# NN training for crystallite size prediction
A. Boulle and A. Souesme, 2025

In [None]:
# Required libraries
import matplotlib.pyplot as plt
import numpy as np
import pickle
import os
import tensorflow as tf
from tensorflow import keras
from utilities import NormalizeL, Log10Layer
%matplotlib ipympl

### Load and format data

In [None]:
# ======== Begin user input ========
# Path to input data
data_path = "/PATH/TO/DATA/FOLDER"
# Path to output data
save_path = "./checkpoints/"
# Define phases and and selected labels
list_phases = ["m_ZrO2"]
list_labels = ["size"]
# Index corresponding to "size" in train_label
indices_labels = [20]
# Angular range used when creating the dataset. For display purpose only
tth = np.arange(15, 120.01, 0.01)
# Train/validation split
validation_split = 0.1
# Batch size for training
batch_size = 32
# ======== End user input ========

### 01. Create output folder if it does not exist
try:
    os.mkdir(save_path)
    print("Created output folder:", save_path)
except:
    print("Folder already exists:", save_path)
    pass

### 02. Load training data
print("Loading and formating data, please wait...")
raw_train = np.load(
    data_path + "/train.npz", mmap_mode="r"
)  # memory map to avoid huge load
sampling = 1  # can be used to reduce the dataset size for testing purpose
train_data = raw_train["train_data"][::sampling, :]
train_label = raw_train["train_label"][::sampling, indices_labels]
copy_for_plot_label = np.copy(train_label)  # For display purpose only

### 03. Prepare data and labels for training
# Add empty dimension and channel
train_data = train_data[:, :, np.newaxis, np.newaxis]

# Normalize labels
normL = NormalizeL(train_label, norm="MinMax")
train_label = normL.forward(train_label)

# Save normalization class. Important to be able to convert back to real values after prediction.
with open(save_path + "/" + "normL.class", "wb") as f:
    pickle.dump(normL, f)

# Shuffle indices
nb_data = train_data.shape[0]
indices = np.arange(nb_data)
np.random.shuffle(indices)
train_data = train_data[indices]
train_label = train_label[indices]
copy_for_plot_label = copy_for_plot_label[indices]  # For display purpose only

# Get shapes
input_shape = train_data[0].shape
label_shape = train_label[0].shape


### 04. Instead of loading the full dataset in memory, we use the TF Dataset format and a generator
# This prevents memory issues when using large datasets.
# Generator function
def data_generator():
    for x, y in zip(train_data, train_label):
        yield x.astype(np.float32), y.astype(np.float32)


# Dataset definition
output_signature = (
    tf.TensorSpec(shape=input_shape, dtype=tf.float32),
    tf.TensorSpec(shape=label_shape, dtype=tf.float32),
)
full_dataset = tf.data.Dataset.from_generator(
    data_generator, output_signature=output_signature
)

nb_val = int(nb_data * validation_split)

train_dataset = full_dataset.skip(nb_val).batch(batch_size).prefetch(tf.data.AUTOTUNE)
val_dataset = full_dataset.take(nb_val).batch(batch_size).prefetch(tf.data.AUTOTUNE)

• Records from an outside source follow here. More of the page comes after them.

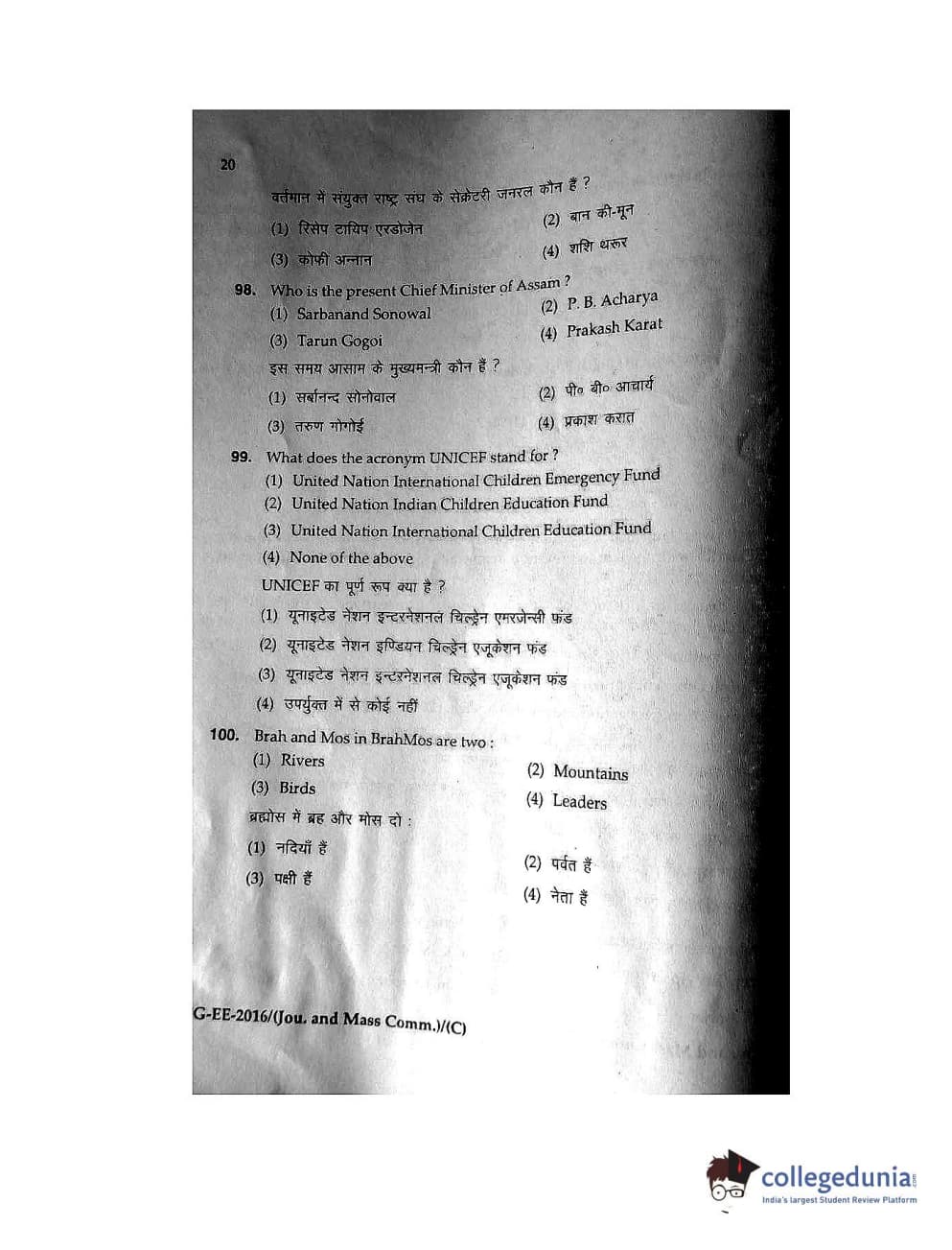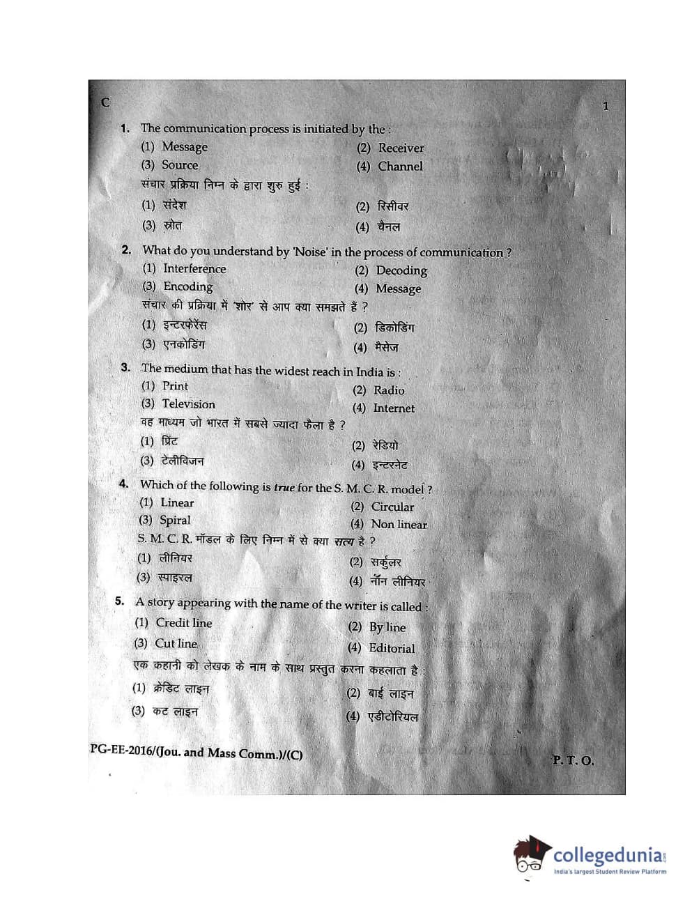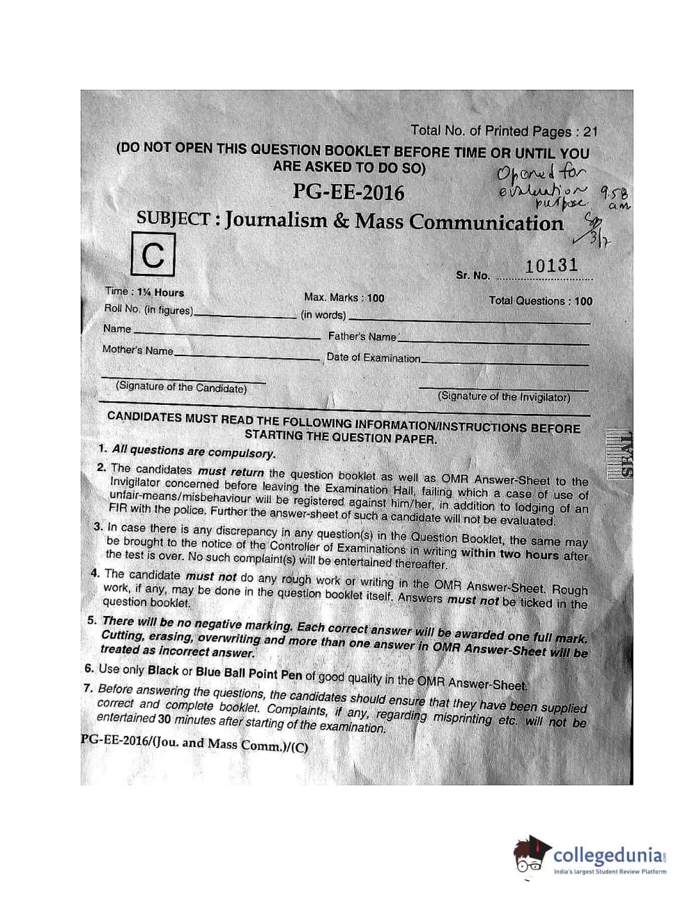 MDUCEE 2016 M.A. (Jounalism and Mass Communication) Set C Question paper with answer key pdf is available for download. The exam was successfully organized by Maharishi Dayanand University. The question paper comprised a total of 100 questions.
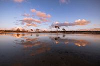 De foto toont een rustig tafereel in het natuurgebied De Loonse en Drunense Duinen. Het is middag en het water staat hoog. De bomen worden prachtig weerspiegeld in het kalme wateroppervlak.
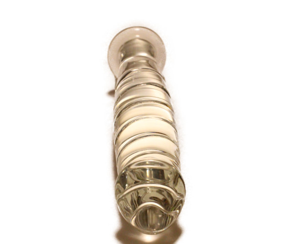 綺麗なガラスディルドです。極上の気持ち良さを体験できます。立派な亀頭はツルッとしてて陰部へ挿入しやすくなっています。ガラスディルドならではの挿入感です。らせん状に線模様が入っていますが、この線模様は少し凸凹しています。そして膣内の中で満遍なく当たりますので、ピストン運動を繰り返せばその気持ち良さを体験できます。又、特徴的なのは根元部分の金玉です。ポッコリ立ち上がってます。根元までズッポリ挿入し咥えた時に、小陰唇の周辺にヒットします。ヒットさせてから少しひねったり、軽く押し付けたりすることで極上の快感を生んでくれます。ガラスディルドがビッショリと濡れていく様をご堪能頂けます。
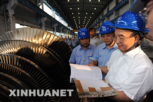 9月1日,溫家寶在德陽市漢旺鎮(zhèn)東方汽輪機廠視察生產(chǎn)恢復(fù)情況。新華社記者 黃敬文攝

print("Done. Dataset ready for training.")

### Plot data

In [None]:
# run multiple times to see different patterns
random_data = np.random.randint(nb_data)
print(f"size = {copy_for_plot_label[random_data][0]:.3f} Âµm")
plt.cla()
plt.semilogy(tth, train_data[random_data, :, 0, 0])
plt.show()

### Neural network architecture

In [None]:
# Custom layer with two parallel convolutions
def conv_block(x, filters, strideC1=(2, 1), strideC2=(1, 1)):
    shortcut = x
    x = keras.layers.Conv2D(
        filters, (filter_length, 1), strides=strideC1, padding="same"
    )(x)
    x = keras.layers.Activation("relu")(x)
    x = keras.layers.Conv2D(
        filters, (filter_length, 1), strides=strideC2, padding="same"
    )(x)
    if strideC2 != (1, 1) or shortcut.shape[-1] != filters:
        shortcut = keras.layers.Conv2D(
            filters, (filter_length, 1), strides=strideC1, padding="same"
        )(shortcut)
    x = keras.layers.Add()([x, shortcut])
    x = keras.layers.Activation("relu")(x)
    return x

In [None]:
# NN architecture
filter_length = 10
pool_length = 2
activation = "relu"
use_bias = True
kernels_per_layer = [32, 64, 128, 256, 512]
# Number of output neurons
nbr_output_neurons = len(list_phases) * len(list_labels)

inputs = keras.Input(shape=input_shape)

x = Log10Layer()(inputs)  # Log10 normalization
# x = MinMaxScalingLayer(axis=1)(x)  # Min-Max scaling
x = conv_block(x, 16)
x = keras.layers.MaxPool2D((pool_length, 1))(x)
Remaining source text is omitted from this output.